Chapter 4) Describes the ruling classes and their muscle. This is largely those with elite education, who concentrate in certain jobs in Banking, Finance, Technology, and the Professional Managerial Elite of the bureaucracy. They have found their muscle in disaffected minorities and malcontents. And also the children of elites who feel they would've joined the civil rights movement if only they born in the correct year, and their resentment at this cuases them to invent new civil rights causes, like the inalieable right of a "woman" with a penis to change in the shower with little girls. This coalition is fraught, and Anton argues that if at any point members of the coalition begin to view their masters, ie the big neoliberal capitalists as their true enemy and not the "deplorables" it will fracture
Chapter 5) immigration. Anton Argues immigration should be limited. He is highly critical of the romantic myth of the Ellis Island immigration, insisting it was bad for America. He cites American involvement in foreign affairs like the Irish troubles as a result of importing immigrants more loyal to their ethnic culture then the republican ideals of America.
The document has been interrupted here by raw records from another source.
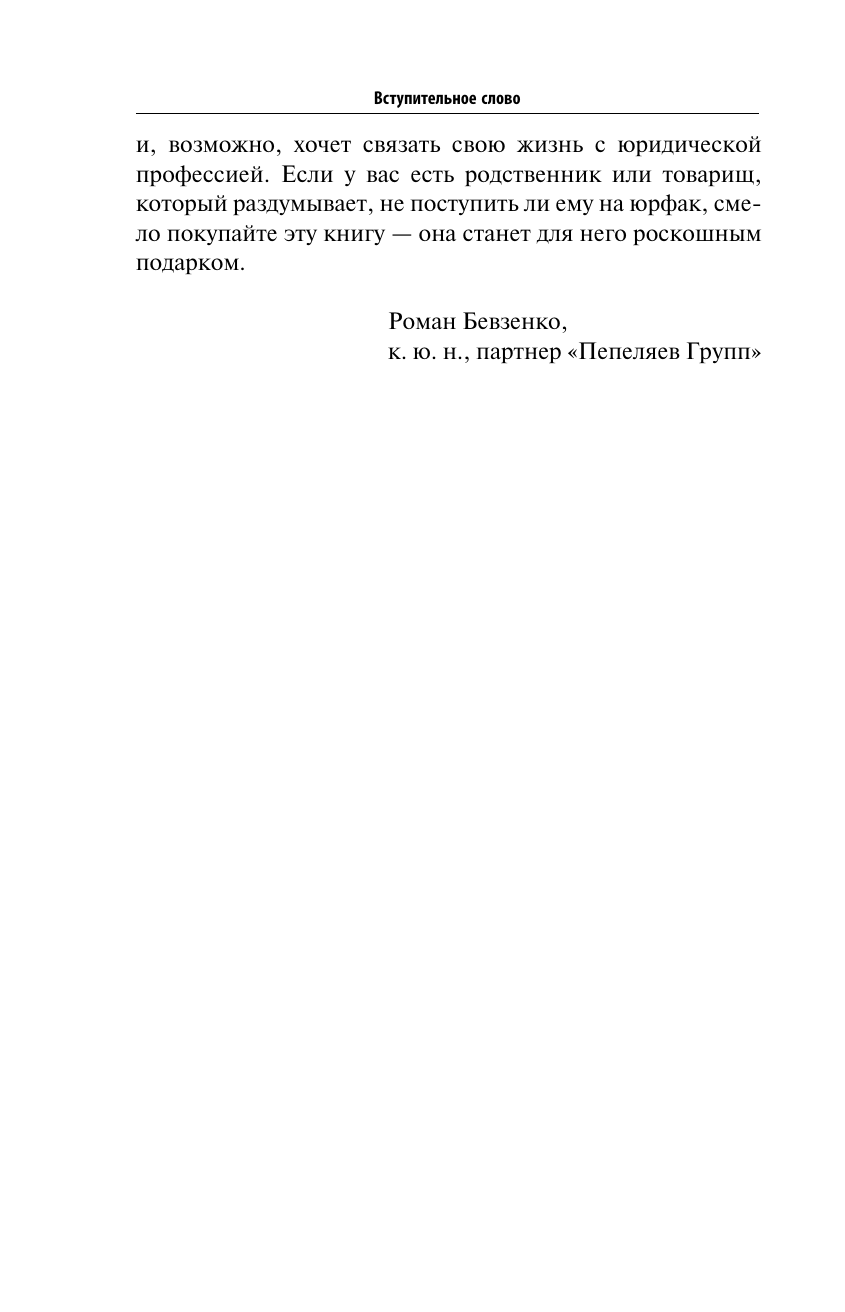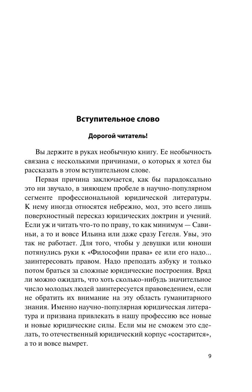 «Предлагаемая вашему вниманию работа – это в самом лучшем значении научно-популярная книга. В ней вы найдете все, что надо знать человеку, желающему изучать право, о юриспруденции как науке, о праве как социальном феномене, об отраслях права, о нормативных актах и прочем» – Артем Бевзенко, кандидат юридических наук, практикующий юрист
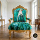 Bewundern Sie dieses exquisite decoupage Taschentuch mit einem weißen Rabe, der in einem regelmäßigen aquamarinen Brokat gezogen und in smaragdgrünen Juwelen gekrönt ist. Ideal für gotische Glasverkleidungen, Akzente bei Möbeln, fantasievoll inspiriert Dekoration und erhöhtes Halloween-Kunsthandwerk. Der türkisfarbene Hintergrund und das charakteristische Styling von Hautegraphique bringen edlen Flair auf jede kreative Oberfläche.
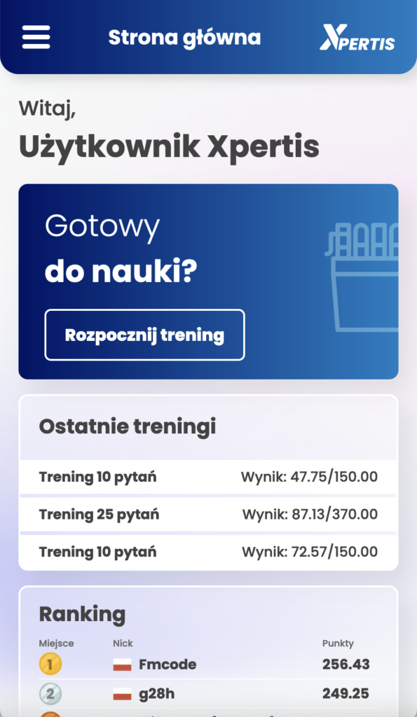 Treningi Wiedzy w aplikacji Xpertis to główna funkcja, która umożliwia użytkownikom udział w quizach z pytaniami branżowymi i testowanie swojej wiedzy.
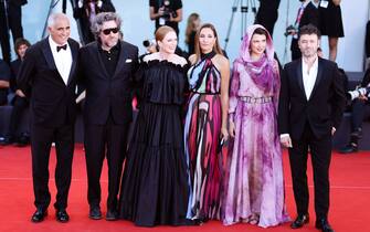 Una foto con una parte dei giurati che hanno più volte calcato il tappeto rosso della Mostra con look sempre coerenti nelle varie serate. Da sinistra: Rodrigo Sorogoyen, Leila Hatami, Audrey Diwan, Julianne Moore, Mariano Cohn and Leonardo Di Costanzo, tutti impeccabili per la gran serata della consegna dei Leoni. Voto complessivo 8

He insists there was no mafia in America before Italian immigration. He further argues that a nation if a compact, and it is perfectly legitimate for those already in the compact to refuse new members and this is strictly a political and not a moral question. He argues that if the majority of Americans don't want more immigration, even if the only reason is bigotry, then we dont need to admit more immigrants, which I agree with. He cites numerous left wing writers as openly writing the point of mass immigration was to destroy American sense of community.